▶ Exercise goal
Below are the entries. Print only the lines starting at the one with "Sarajevo 1984 Winter" and ending at the one with "Gümüş Trapez Taşlı Çiçek Bayan Küpe", exactly, with no pictures.

▶ Input for this task
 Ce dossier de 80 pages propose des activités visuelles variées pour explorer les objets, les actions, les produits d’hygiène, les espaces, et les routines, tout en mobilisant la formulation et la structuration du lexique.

--

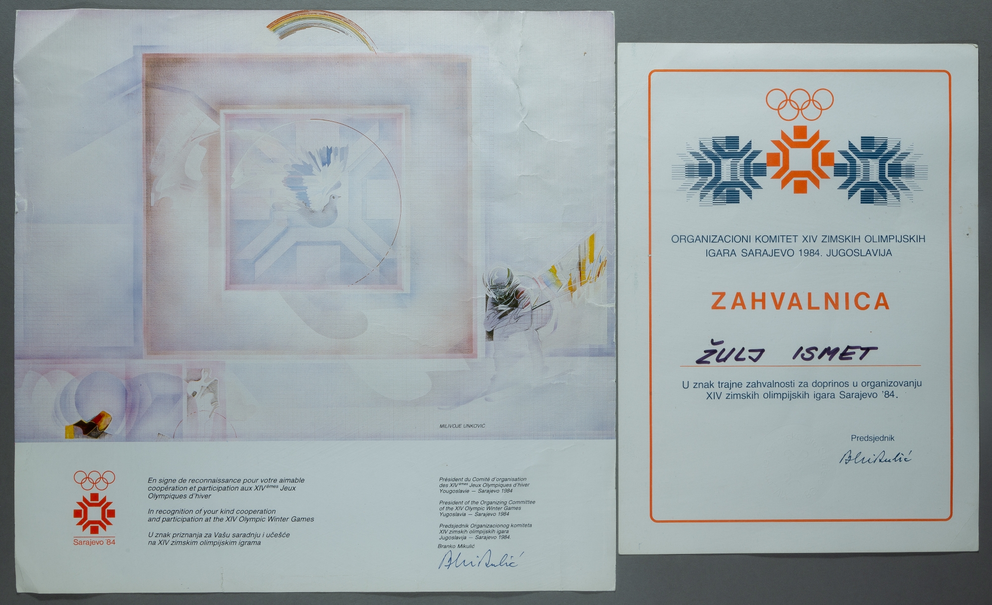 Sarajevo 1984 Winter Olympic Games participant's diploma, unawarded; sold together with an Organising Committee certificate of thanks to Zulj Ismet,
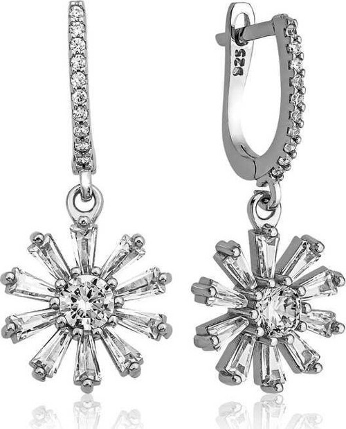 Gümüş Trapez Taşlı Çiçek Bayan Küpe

▶ Task answer
 Sarajevo 1984 Winter Olympic Games participant's diploma, unawarded; sold together with an Organising Committee certificate of thanks to Zulj Ismet,
 Gümüş Trapez Taşlı Çiçek Bayan Küpe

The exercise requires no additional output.